Why it matters: Diabetes patients are often paying hundreds of dollars a month or more for life-saving medicine when the costs of production remain largely unchanged, Attorney General Andrea Campbell's lawsuit says.
- Those price increases can cause diabetics to forego insulin shots or find workarounds that endanger them, the lawsuit argues.
Driving the news: Campbell's office filed a lawsuit this week in Suffolk Superior Court against drugmakers and the middlemen, known as pharmacy benefit managers, accusing them of defrauding diabetes patients through an insulin pricing scheme.

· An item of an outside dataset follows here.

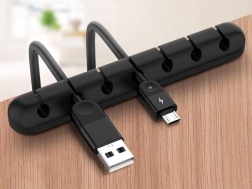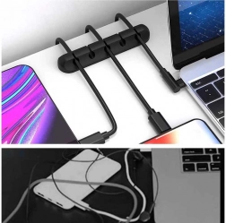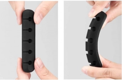 Praktyczny organizer kabli z pięcioma rowkami utrzymuje kable USB, ładowania i inne cienkie przewody zawsze pod ręką i zapobiega ich spadaniu za krawędź biurka. Dzięki elastycznemu materiałowi pewnie obejmuje kable, a jednocześnie pozwala na ich szybkie wyjęcie, gdy trzeba je podłączyć.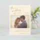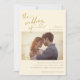 Este convite de casamento para fotos de ouro e creme moderno mostra sua foto filtrada e emparelhada com um roteiro divertido de manuscrito em ouro. É perfeitamente moderno, simples e minimalista.

- The lawsuit names drugmakers Eli Lilly, Novo Nordisk and Sanofi, as well as PBMs Optum Rx, Express Scripts, CVS Caremark and affiliated companies.
The other side: CVS Caremark told Axios that drugmakers "alone are responsible" for setting their products' prices. The company also said its ReducedRx program offers insulin for $25.
- Sanofi said the average net price of its insulins has declined but that savings negotiated by PBMs and insurers through rebates "are not consistently passed through to patients."
- Other companies named in the suit did not respond to Axios' requests for comment.
By the numbers: One 2018 study suggests making a year's supply of insulin costs anywhere from $48-$134 per person.
- Massachusetts has some 500,000 diabetes patients and 1.8 million pre-diabetic patients, many of whom rely on insulin and are paying hundreds monthly for the list prices, the lawsuit says.
The big picture: New York and Minnesota have successfully gotten drugmakers to cap their prices to $35 a month in legal settlements.
- The Federal Trade Commission in September sued three major PBMs and affiliated companies, accusing them of engaging in anticompetitive and unfair rebating practices that inflate insulin prices.
- Express Scripts previously sued the FTC over a July report purporting to show how PBMs manipulate the market at the expense of patients.
Between the lines: Massachusetts recently enacted a law that caps name-brand drugs for certain illnesses, including diabetes, at $25 a month, among other changes.
- But Campbell's lawsuit targets what she described as the source of the problem: the pricing agreements secretly agreed upon by drugmakers and PBMs.
How it works: Per the lawsuit, PBMs charge drugmakers money for preferred placement on the list of drugs they cover.
- Drugmakers raise prices to offset the payments to PBMs and boost their own profits, despite production costs remaining low, per the lawsuit.
- They ultimately passed on the higher prices to the patients, even as PBMs claimed they were saving customers money, Campbell says.
Zoom in: The suit accuses the drugmakers and PBMs of meeting privately to discuss their pricing. Drugmakers announced nearly identical price increases within days or weeks of those meetings, it says.
- Campbell also accused PBMs of shutting out more affordable insulin brands by excluding them from listings unless they paid the PBMs and set insulin prices that mirrored their competitors.
While drugmakers and PBMs pointed the finger at one another at congressional hearings in 2019 and 2023, the lawsuit says they worked with one another to set prices and refused to share their pricing structures with patients and government agencies.